Already, we have seen Iran, as the front nation in the Middle East’s push for increased world power, begin to push  the envelope, to test the West to see how much we will take before we retaliate against the country, with actions like their nuclear program, inflammatory statements against Israel and Jews in general, and instigating the Mohammed Cartoon Protests.

Iran bets that the US and the West are too weak to react substantively to these actions, what with our present involvement in Iraq and Afghanistan.  They even dare the West to retaliate, even threatening to “cut off the hand of any aggressor”.  But this past weak the attention shifted more concretely to Israel, as Iran uses terror to attack the thorn; like in the fable, the thorn can only be removed by a friend, two parties cooperating together.

As much as it pains me to say it, look for these attacks to increase, as Iran dares the United States to defend its favorite international partner. These tests will continue until there is a substantial retaliation, or until Israel is removed from the region, which we all know would never happen without a very bloody fight. This led Ahmadinejad to renew his call for Israel to be wiped off the map.

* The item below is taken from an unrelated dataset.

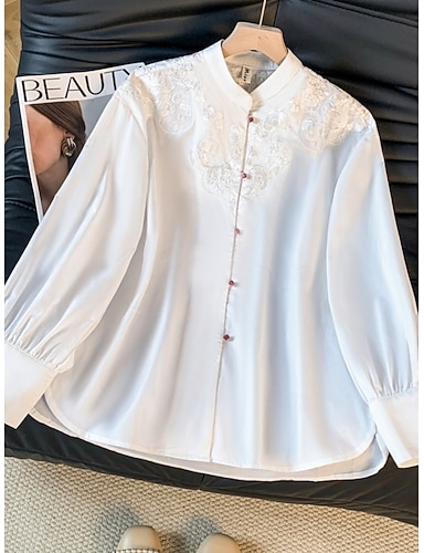 Mulheres Camisa Social Blusa Blusas de manga comprida Bordado Tecido à moda Clássico Moderno Manga Longa Colarinho Chinês Tops regulares Diário Feriado Para Noite Branco Verão Primavera

I hope that I am wrong, and that Iran is simply posturing to back the West into a corner, and that they’ll leave Israel alone, knowing the threat Israel can pose at any given time.  Unfortunately, I suspect this is not the case, and that tumultuous times lie ahead for Israel, unless either Israel or the US is able to make a statement forcefully enough to be heard by Iran.  Scary times for Israel!

One Additional Point

This point is going to be very controversial, and I’m sure I’ll get some flack for it. But as I was doing the posts on superpowers last week, it became apparent that it can be beneficial to Israel that Hamas condones the Iranian-backed terrorist attacks in Israel last week.

Already I hear the anger on the other side of the net.  But think about it; as long as Hamas is an ally to Iran, they act as a deterrent to total destruction of the country, something which Iran may be capable of accomplishing before too long.  Were Hamas to show support for Israel against the terrorist attack, Iran could point to this as a sign of Hamas’ allegiance with the country, and thus justify their destruction.  As is, such justification is harder to come by.

I hate to hear a government that is representative of the Palestinian people condoning terrorist attacks.  But if it keeps Iran from making a nuclear strike at the homeland one day, than I’ll live with it.  Of course, I would hope that the presence of the Dome of the Rock would be enough to deter Ahmadinejad, but I’m not convinced.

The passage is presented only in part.